We did not find any association between zinc micronutrients and seroconversion. However, we found vitamin D deficiency to be associated with seropositivity. Of note, a majority of individuals in Pakistan were found to have deficient vitamin D levels [41]. Vitamin D plays a key role in regulating the immune activation of cells in response to infection and may protect against SARS-CoV-2 [42]. A recent study in Pakistan reported that vitamin D-deficient individuals who tested positive for COVID-19 experienced more extended hospital stays with slower recovery and poor outcomes as compared with those who had sufficient levels [43]. However, as we had limited information regarding PCR positivity of individuals, we were unable to check for any associations between COVID-19 infections, vitamin D levels, and illness in our population. Here, vitamin D deficiency likely serves as a marker of underlying lifestyle and contextual factors such as limited sun exposure, poor dietary quality, and socioeconomic challenges [44–46] rather than acting as a direct causal factor. Therefore, there is a need for public health strategies that focus on improving nutrition and other key aspects of health which can help boost immunity and lower the risk of SARS-CoV-2 infection, especially in vulnerable groups.
Testing respiratory samples from study subjects across the four survey rounds showed that 1.8% of individuals had COVID-19. We used both PCR and antigen tests and these have different levels of sensitivity of detection for SARS-CoV-2 [47]. It is possible that some asymptomatic infections may have been missed by antigen testing, but the trend in infection rates should be consistent with our findings especially, as antibody testing was also conducted in the same cohort of individuals. We further performed a sensitivity analysis for the subgroup of individuals in whom respiratory samples were tested by COVID-19 PCR and antigen assays.
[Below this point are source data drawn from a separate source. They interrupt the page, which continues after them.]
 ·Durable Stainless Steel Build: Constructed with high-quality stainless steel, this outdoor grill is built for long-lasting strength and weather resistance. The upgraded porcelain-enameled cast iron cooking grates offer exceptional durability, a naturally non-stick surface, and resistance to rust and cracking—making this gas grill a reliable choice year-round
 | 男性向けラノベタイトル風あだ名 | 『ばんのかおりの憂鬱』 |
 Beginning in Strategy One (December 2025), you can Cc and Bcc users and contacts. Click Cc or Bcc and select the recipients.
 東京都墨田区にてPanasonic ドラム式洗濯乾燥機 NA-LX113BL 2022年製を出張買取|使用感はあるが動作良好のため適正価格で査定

We found that the seropositivity trends were the same as found in the subgroup analysis, with seropositivity associated with urban location, age greater than 10 years, and lower in the poorest population. It was also associated with shortness of breath and contact with a COVID-19 confirmed case. These data this support the overall findings of our study.
In all, our results describe increasing seroprevalence in both urban and rural regions of Sindh, Pakistan, which are most likely associated with COVID-19 immunity. These data align with reports from our center that have identified increasing IgG antibodies to SARS-CoV-2 Spike in healthy uninfected controls during the early pandemic period, likely associated with pre-pandemic immunity in the cohort [48]. The expansion of antibody responses observed here is likely driven by memory B cells triggered by natural infection and cross-reactivity to circulating alpha and beta coronaviruses [23].
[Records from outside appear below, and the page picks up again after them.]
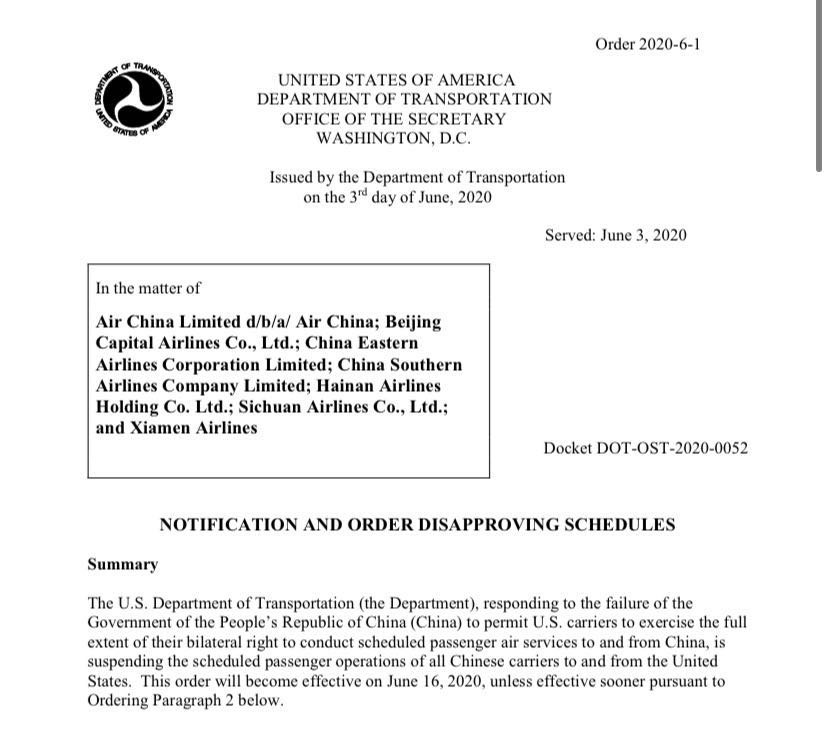 美国交通部:6月16日开始暂停往返中美的中国民航航班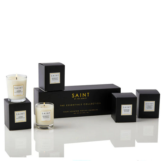 Transform any atmosphere with this set of four miniature SAINT Candles. A $100 value, this curated collection of bestsellers contains individualized fragrances with holy intentions. Whether someone is battling a health issue, seeking peace, or trying to find love, there is a patron saint — and a SAINT Candle — to help them on their journey. Each votive candle contains holy oil as part of the wax and is accompanied by a blessed prayer coin.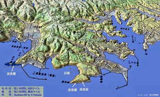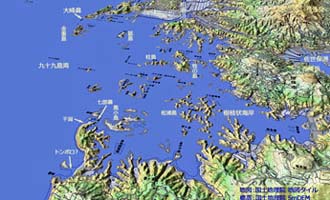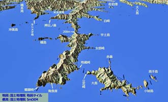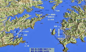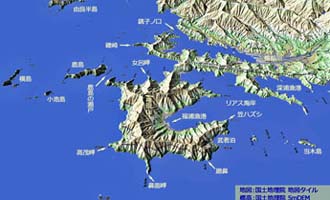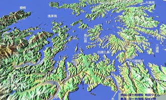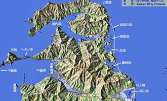 ![]() 「三方五湖」の海面が30m上昇した,あるいはこの場所が30m沈下した,と仮定して作成した「リアス海岸」のイメージです。 |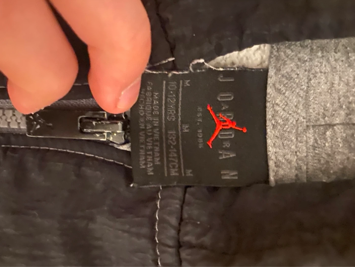 This Jordan tracksuit set includes a zip-up hoodie and matching joggers. Set is grey with black accents and features the Jumpman logo. Kids' size medium (10-12 years).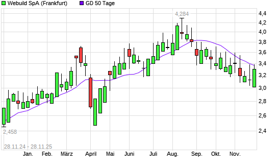 Mit dem Rücksetzer auf 3,40 EUR hat die Salini Impregilo-Aktie am 27.11.2025 die 50-Tage-Linie nach unten gekreuzt.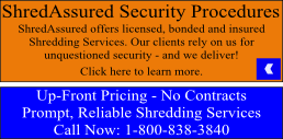 Please click here for more information, or give us a call at 1-800-838-3840 to find out how ShredAssured can help your company save money, protect its information, and comply with federal and state laws. Our client specialists are ready to assist and willing to help in any way they can.

The COVID-19 antibodies measured here targeted the SARS-CoV-2 nucleocapsid protein. While most information available focusses on antibodies to the spike glycoprotein, which is thought to be primarily associated with protection [49]. Antibodies reactive to the nucleocapsid protein also can have neutralising activity against SARS-CoV-2 [50]. Further, multi-parameter analysis of antibody subtypes to both spike and nucleocapsid proteins can inform on protective immunity based on both cross-reactive and SARS-CoV-2 driven immunity [51,52].
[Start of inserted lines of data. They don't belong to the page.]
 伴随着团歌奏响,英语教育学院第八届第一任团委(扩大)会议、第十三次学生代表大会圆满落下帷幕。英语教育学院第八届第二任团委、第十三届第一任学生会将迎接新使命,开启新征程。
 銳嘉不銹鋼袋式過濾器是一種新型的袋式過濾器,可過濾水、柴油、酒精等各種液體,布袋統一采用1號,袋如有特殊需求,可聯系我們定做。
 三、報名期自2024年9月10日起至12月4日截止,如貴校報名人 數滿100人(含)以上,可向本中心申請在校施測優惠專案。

This was the first large-scale population survey that followed households over 16 months from the early pandemic period of July 2020 through four survey rounds. Its representation of baseline and subsequent seropositivity across age groups enabled us to understand population trends and the significance of the relatively low COVID-19 morbidity and mortality observed. One of the limitations of this study, however, is that some individuals refused to participate across rounds, which prevented us from testing them longitudinally. Another limitation was that we used self-reported data regarding COVID-19 related symptoms. Therefore, it is possible that participants may not have recognised mild symptoms, while others could mistakenly attribute non-COVID symptoms to the virus. Another consideration may be due to the poor socioeconomic conditions and low literacy levels of the cohort, which reduced their ability to recognise and report illness in a timely manner. Due to resource limitations, we did not confirm COVID-19 cases through PCR testing, as it was unavailable at the time. We were also unable to conduct virus-neutralising assays against SARS-CoV-2 or other related coronaviruses. Given that it is not possible to distinguish between antibodies responses to natural infection and those induced by COVID-19 vaccinations, the seropositive results of the final survey in November 2021 were attributable to both factors.
Finally, convenience sampling and enrollment from only two areas of Sindh limited the generalisability of the study to the national level.
CONCLUSIONS
Our study presents evidence of a population-wide increase in immunity against SARS-CoV-2 infections before the introduction of COVID-19 vaccination as evidenced by rising seroprevalence in urban Karachi and rural Matiari between July 2020 and November 2021. The rising population seroprevalence coincided with COVID-19 waves in the country, but limited disease severity supports protective immunity following sub-clinical spread of the virus. This provides insights into the kinetics of protective immunity against SARS-CoV-2 during the pandemic. Such immunological data can guide further vaccine interventions as may be required by the population.
Additional material
Acknowledgments
The Nutrition Research Laboratory, Aga Khan University, Karachi, Pakistan, supported this study. We want to acknowledge Mr. Khalid Feroz from the Data Management Unit at the Center of Excellence in Women and Child Health, Aga Khan University, for assisting us in devising data collection strategies. Similarly, we acknowledge Ms. Nazia Syed for coordinating sample collection from field sites.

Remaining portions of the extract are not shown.